Stand with your feet shoulder-width apart and your knees slightly bent. Hinge forward from your waist while keeping your back flat and your head in line with your spine. Extend your arms toward the floor in front of you with a dumbbell in each hand, your palms facing each other. From here, lift your arms out to your sides, squeezing your shoulder blades together and keeping your elbows slightly bent. Slowly return them to the starting position and repeat.

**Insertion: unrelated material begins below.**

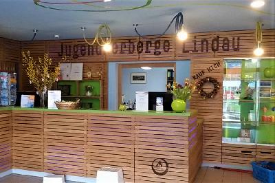 HotelausstattungDie Jugendherberge in Lindau liegt zentral und wird von Reisenden aller Altersstufen, Familien wie Gruppen, sehr gut angenommen. In unmittelbarer Nähe befinden sich das Einkaufszentrum Lindaupark, das Limare Hallenbad und auch See, Altstadt und Stadion sind in wenigen Minuten zu erreichen. Die Kapazitäten umfassen 244 Betten in 71 Zimmern, angeboten werden Einzel- bis Sechsbettzimmer. WLAN ist in der Lobby gratis verfügbar. Ein großer moderner Speisesaal gehört ebenso zur Herbergsausstattung wie mehrere Seminarräume, ein Dachstudio u. a. mit Liegekino, ein Bistro, Ausstattung für Tagungen, Waschmaschine & Wäschetrockner (Räumlichkeiten und Ausstattung kann auf Anfrage mitgebucht werden) ein Mehrzweckraum mit Freizeiteinrichtung und mehrere kleine Aufenthaltsräume. Das Essensangebot umfasst ein sehr reichhaltiges Frühstücksbuffet, Lunchpaket zu Mittag (warmes Mittagessen ab 25 Personen möglich) und ein warmes Abendessen mit Salat- und Dessertbuffet sowie Fruchtsäfte und Mineralwasser. Sonderverpflegungswünsche werden bis 8 Wochen vor Anreise gerne entgegengenommen (Vegetarier, Gluten- und Laktoseunverträglichkeit). Bewährt hat sich die Hinterlegung einer Kaution in Höhe von 200,-- , die Gruppen bei Anreise hinterlegen und bei Abreise ohne Zimmerschäden, Schlüsselverluste, etc. wieder komplett retourniert werden.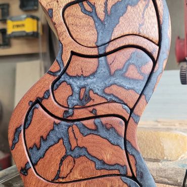 Lichtenburg fractal burning is his new favourite. Burning the wood creates beautiful features which he inlays with resin.

THE CRANK-IT-UP CHALLENGE: Step forward into a runner’s lunge with one leg, bending your front knee at a 90-degree angle; don’t let your front knee extend past your toes, and keep your back heel lifted slightly off the ground. Do rear flies from this position. For an extra challenge, you can also do a whole set with one arm at a time, or a set in which you alternate sides.

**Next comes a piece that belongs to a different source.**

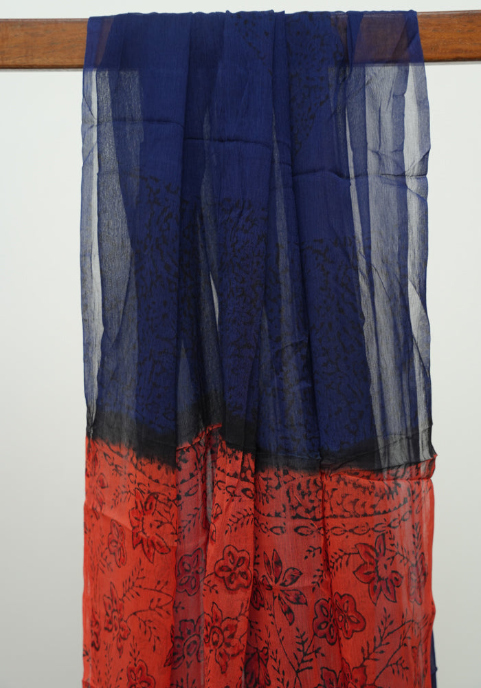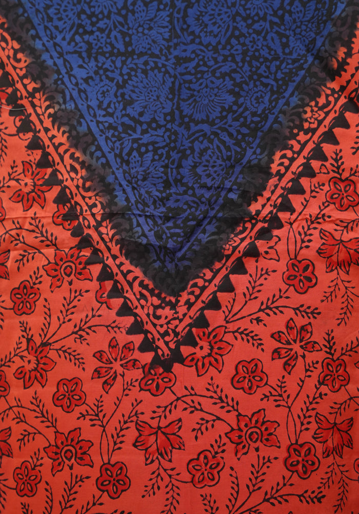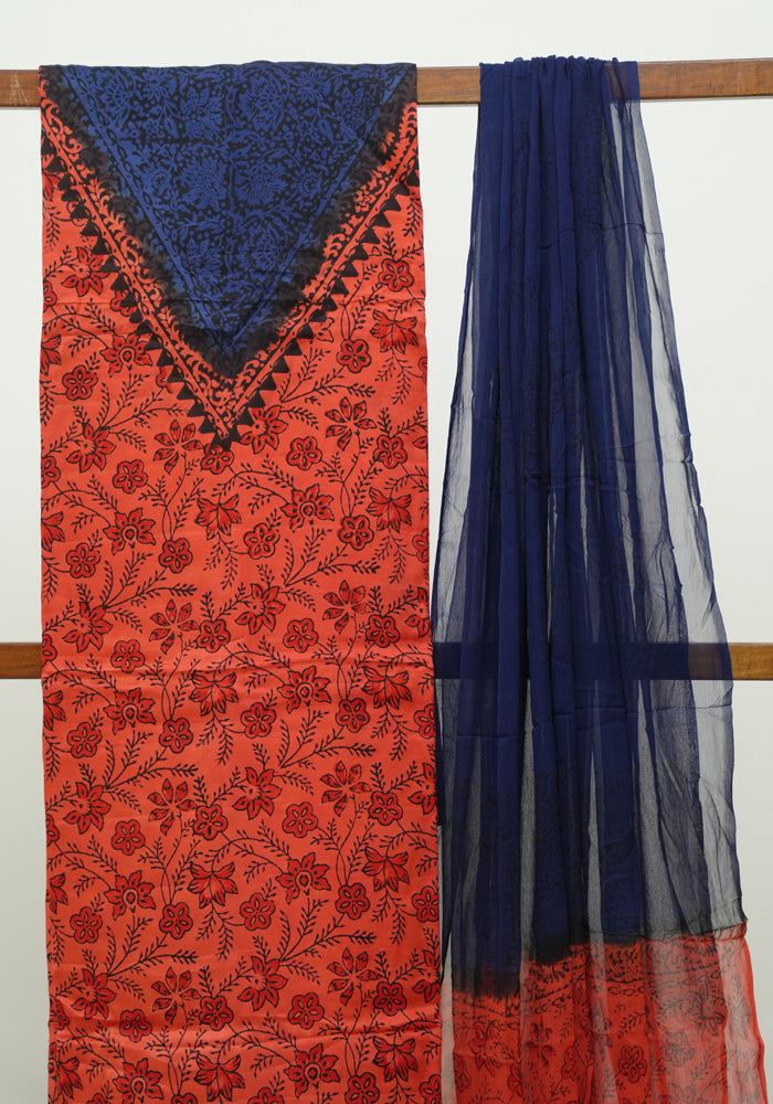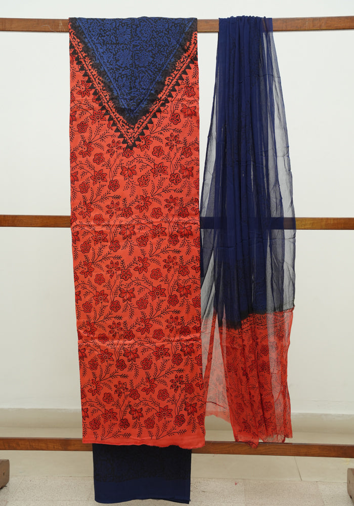 Orange and Blue Modal Silk Block Printed Unstitched Salwar Set

Position a stability ball under the front of your hips and lower torso. Keeping your knees straight or slightly bent, place your toes on the floor behind you (or against a wall if you’d like extra stability) and lift your hands behind your head, your elbows extended out to the sides. Slowly roll your body down onto the ball, and then lift your chest off the ball, raising your shoulders until your body is in a straight line from your head to your toes. Repeat. (Make sure your body is in its proper alignment, with your abs engaged and pulled in; don’t arch or hyperextend your back.)
Stand with your feet shoulder-width apart and hold a dumbbell in each hand just at shoulder level, with your palms facing forward and your knuckles facing toward the ceiling. Press your arms overhead, and straighten your arms at the top. Return to the starting position and repeat.
THE CRANK-IT-UP CHALLENGE: Try this move while standing on one foot. Switch legs between sets.
Lie on your belly with your arms outstretched overhead, your legs extended along the floor, and your feet together. (Here, too, your elbows should be next to your ears.) Simultaneously raise your head, neck, and shoulders, along with your right arm and your left leg, straight up and off the ground. (To avoid injury, squeeze your glutes and press your pelvic bone into the floor.) At the top of the extension, hold this position for a moment or two, and then release your body back to the ground. Immediately repeat this move on the other side (raising your left arm and right leg along with your head, neck, and shoulders). Continue this pattern, working alternate sides.